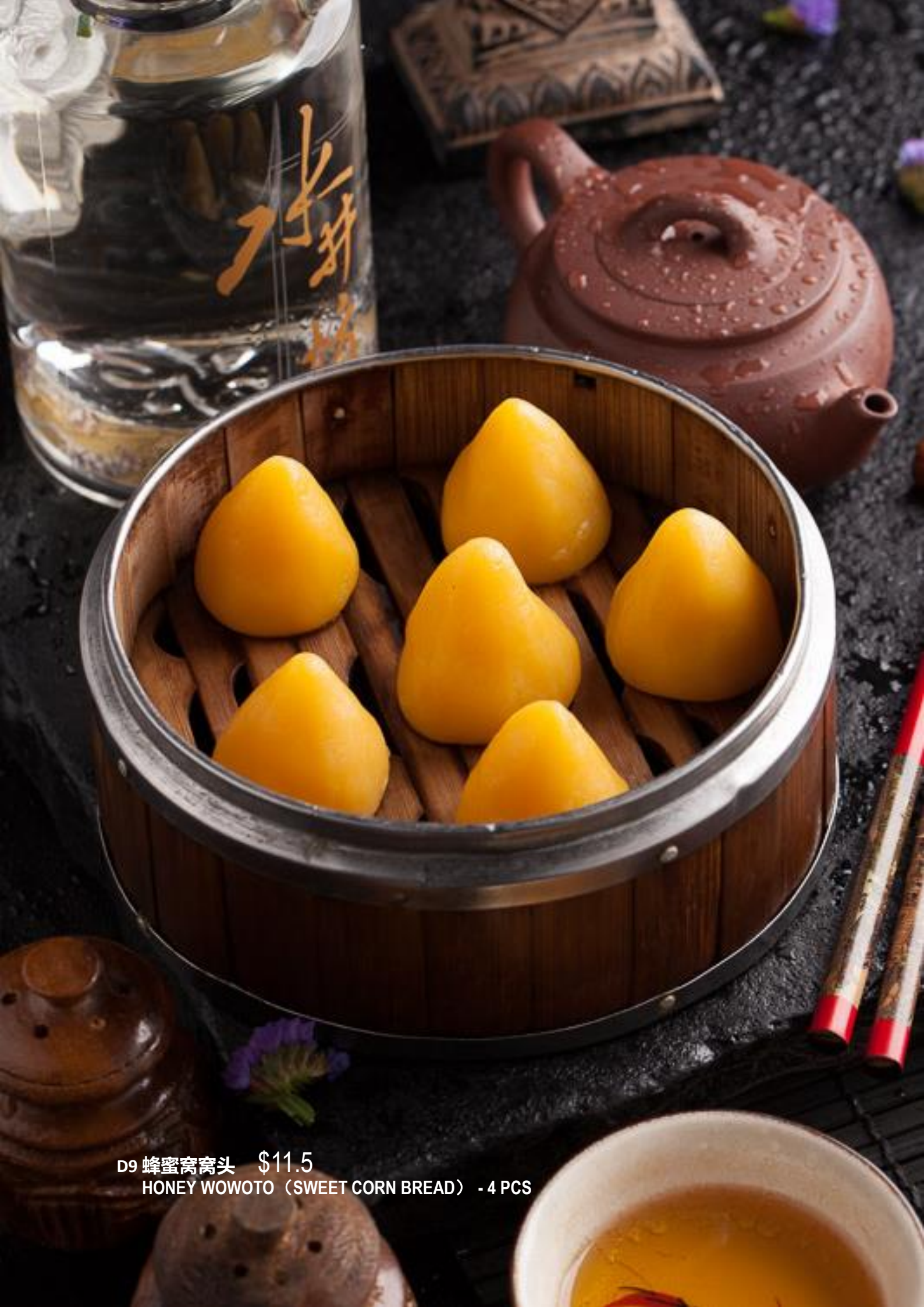
D9 蜂蜜窝窝头 $11.5 HONEY WOWOTO (SWEET CORN BREAD) - 4 PCS
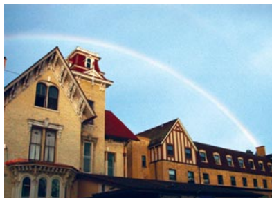
Dole Mansion at Lakeside Legacy Arts Park

The Lakeside Legacy Arts Park was established in 2004 as a creative use for the Dole Mansion and Lakeside property. This was a result of our grass roots effort to save the mansion and surrounding 12 acres from development. Once the property was initially saved, we
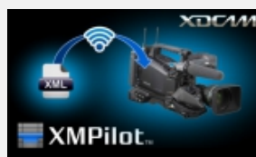
XMPilot XDCAM Metadata Workflow Solution
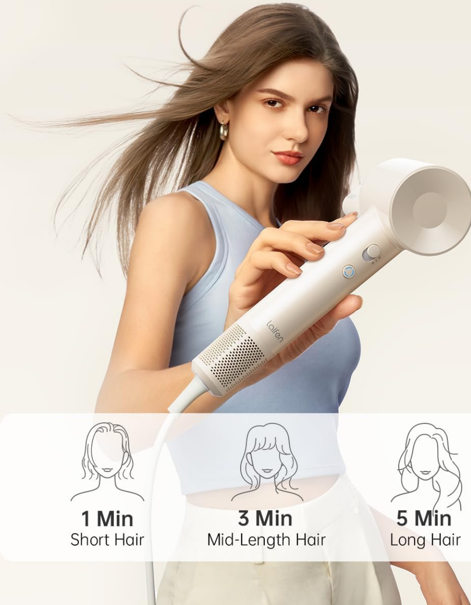
Image: Demonstrates the quick drying capability of the Laifen SE Lite for various hair lengths.
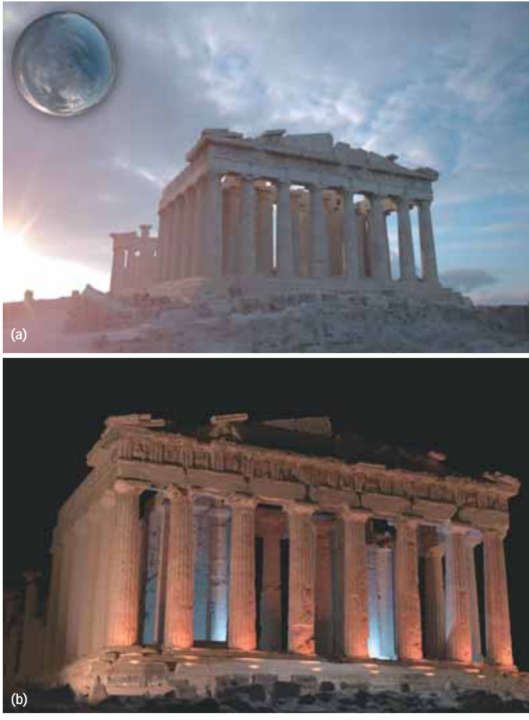
Figure 8. The Parthenon virtually reilluminated. (a) A virtual model of the Parthenon rendered as it would appear under natural illumination (inset) recorded in Marina del Rey, California. (b) The relightable model rendered with a nighttime lighting design.

aries (that is, at the scanned 3D geometry) and that the surface reflectance effects were well-characterized by relatively diffuse (rather than shiny) materials. Nonetheless, the model realistically depicts the Parthenon as it would appear under essentially any new lighting conditions.

TASK STATEMENT: Please copy exactly, and only, the lines from the line containing "Figure 8. The" through the last line of the records, with both ends included.

SOLUTION:
Figure 8. The Parthenon virtually reilluminated. (a) A virtual model of the Parthenon rendered as it would appear under natural illumination (inset) recorded in Marina del Rey, California. (b) The relightable model rendered with a nighttime lighting design.

aries (that is, at the scanned 3D geometry) and that the surface reflectance effects were well-characterized by relatively diffuse (rather than shiny) materials. Nonetheless, the model realistically depicts the Parthenon as it would appear under essentially any new lighting conditions.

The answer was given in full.